MFC Programmer's SourceBook : Thinking in C++

The basic object

Step one in C++ is exactly that. Functions can now be placed inside structs as “member functions.” Here’s what it looks like after converting the C version of CStash to the C++ Stash:

//: C04:Libcpp.h
// C library converted to C++

struct Stash {
  int size;      // Size of each space
  int quantity;  // Number of storage spaces
  int next;      // Next empty space
   // Dynamically allocated array of bytes:
  unsigned char* storage;
  // Functions!
  void initialize(int size);
  void cleanup();
  int add(void* element);
  void* fetch(int index);
  int count();
  void inflate(int increase);
}; ///:~

The first thing you’ll notice is the new comment syntax, / /. This is in addition to C-style comments, which still work fine. The C++ comments only go to the end of the line, which is often very convenient. In addition, in this book we put a colon after the // on the first line of the file, followed by the name of the file and a brief description. This allows an exact inclusion of the file from the source code. In addition, you can easily identify the file in the electronic source code from its name in the book listing.
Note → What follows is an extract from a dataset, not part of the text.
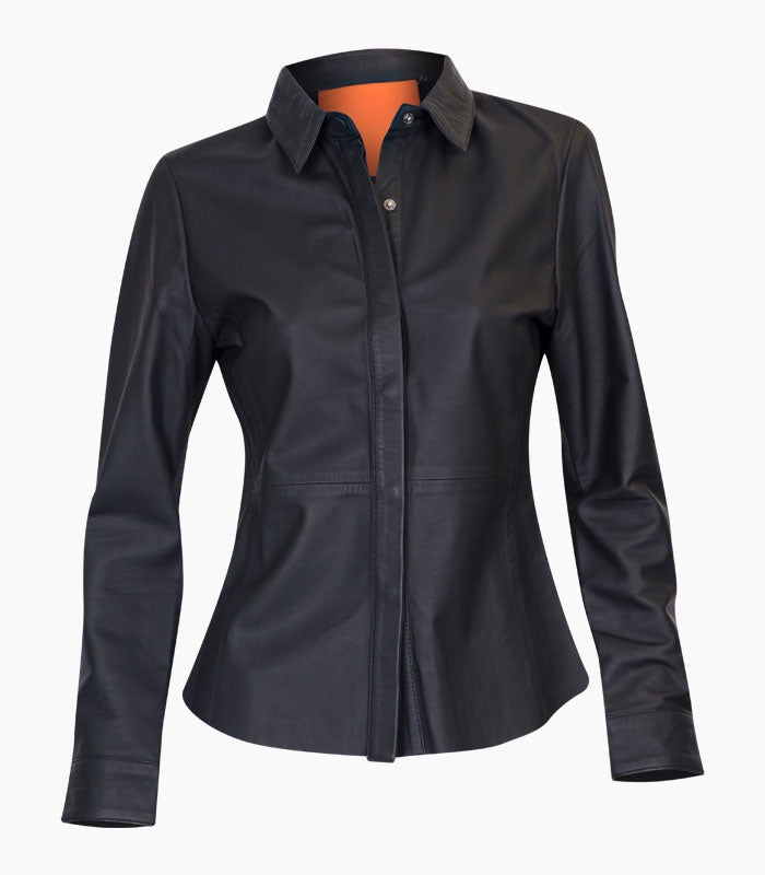 The Sarah Matt 100% Lamb Leather Shirt is impeccably tailored and can be worn as a Shirt or a Jacket. Wear it with your favorite jeans and sneakers for casual feel or pair with tailored pants or skirt for a more sophisticated look. Color may vary as this is a natural product with a hand finish.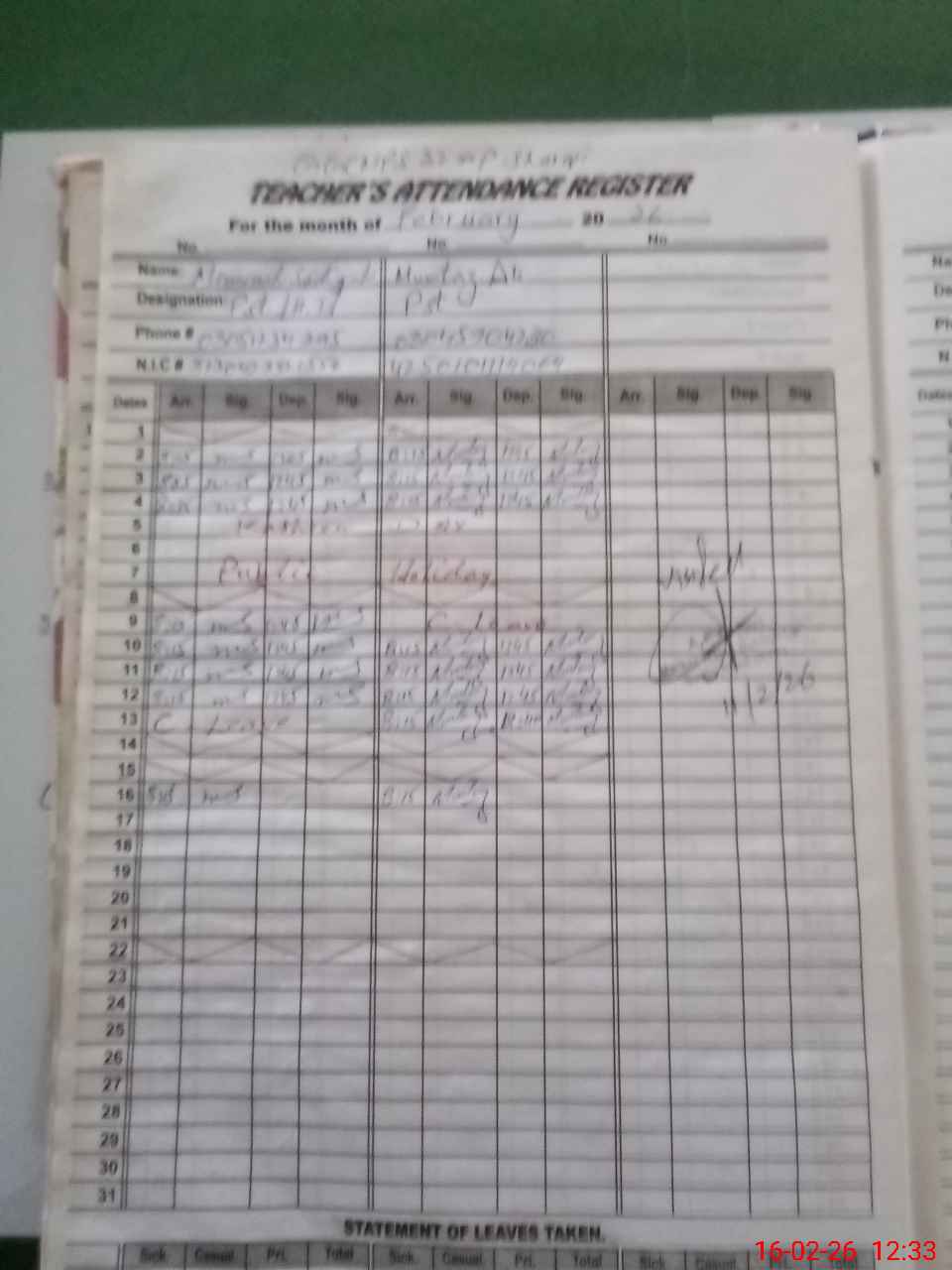 | CNIC | Full Name | Designation | R/C | Absence During Last Calender Month |

Next, notice there is no typedef. Instead of requiring you to create a typedef, the C++ compiler turns the name of the structure into a new type name for the program (just like int, char, float and double are type names). The use of Stash is still the same.

All the data members are exactly the same as before, but now the functions are inside the body of the struct. In addition, notice that the first argument from the C version of the library has been removed. In C++, instead of forcing you to pass the address of the structure as the first argument to all the functions that operate on that structure, the compiler secretly does this for you. Now the only arguments for the functions are concerned with what the function does, not the mechanism of the function’s operation.

It’s important to realize that the function code is effectively the same as it was with the C library. The number of arguments are the same (even though you don’t see the structure address being passed in, it’s still there); and there’s only one function body for each function. That is, just because you say

Stash A, B, C;

doesn’t mean you get a different add( ) function for each variable.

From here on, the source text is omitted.